The WWOX gene has a WW domain containing oxidoreductase, which is located at the common fragile site FRA16D at chromosome 16q23. WWOX is a tumor suppressor gene that has been associated with several types of cancer such as hepatic, breast, lung, prostate, gastric, and ovarian. Recently WWOX has been implicated in epilepsy, where studies show homozygous loss-of-function mutation lead to early-infantile epileptic encephalopathy, spinocerebellar ataxia, intractable seizures and developmental delay, and early lethal microcephaly syndrome with epilepsy. Here we investigate two consanguineous Saudi families and we identified three probands with epileptic encephalopathy.
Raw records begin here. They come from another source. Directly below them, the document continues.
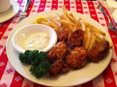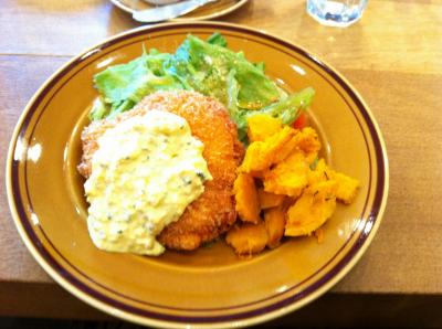 秋葉原でショッピングに疲れたら、淀橋カメラのレストランフロアへ。この店もゆったりしていて、ゆっくり休めます。メニューも選びやすくて気取りがありません。大人のお子様ランチのノリで、ハンバーグやフライの定食を。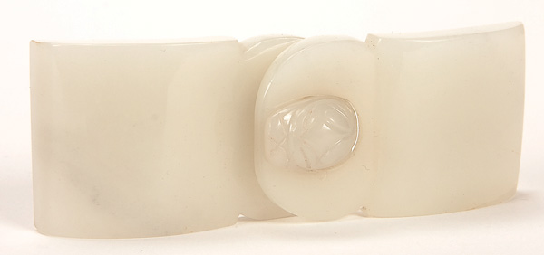 A CHINESE CARVED WHITE JADE BELT HOOK AND BUCKLE, QING DYNASTY. With carved dragon head in white nephrite. Length 3.75 inches (9.5 cm).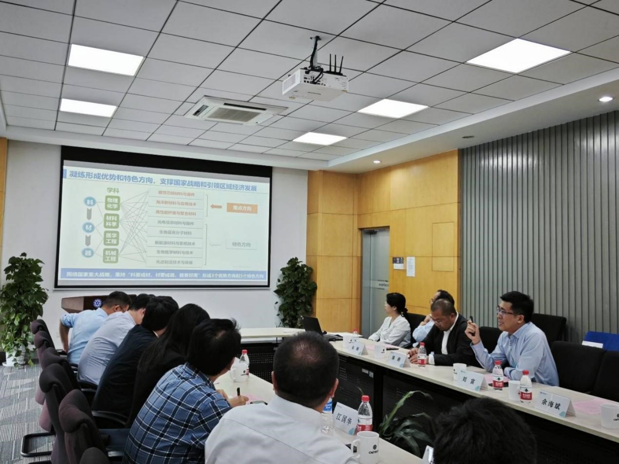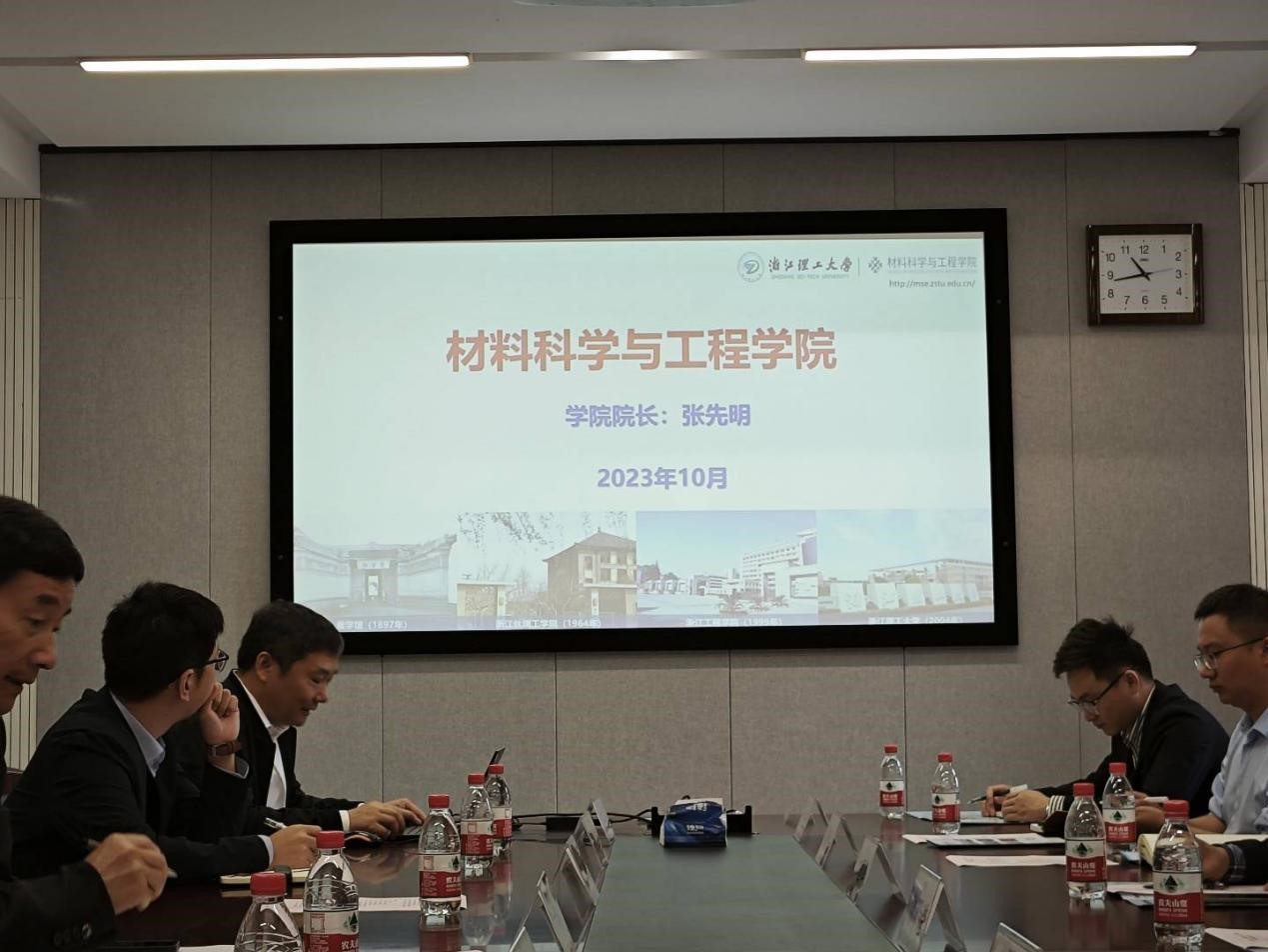 在宁波大学材料科学与化学工程学院,学院特聘院长丁传凡、党委书记陶娟等热情接待学院党政班子一行。丁传凡院长详细介绍了学院的学科建设、有组织的科研、人才培养等方面情况,材料学院院长张先明围绕学院的发展历史、学科建设、人才培养、社会服务等方面做了介绍。双方就学院的人才引进工作、学风建设情况、学生干部队伍培养等进行了进一步交流。

Whole exome sequencing revealed a novel homozygous mutation in the WWOX gene in one proband. In addition, we identified a previously reported WWOX mutation in two probands. Later on these findings were confirmed with Sanger sequencing. The underlying mechanism on how WWOX mutations lead to seizure remains elusive. To date very few WWOX mutations have been associated with neurological disorder and our newly identified mutations support the notion that WWOX play an important role in neurons and will aid in better diagnosis and genetic counseling.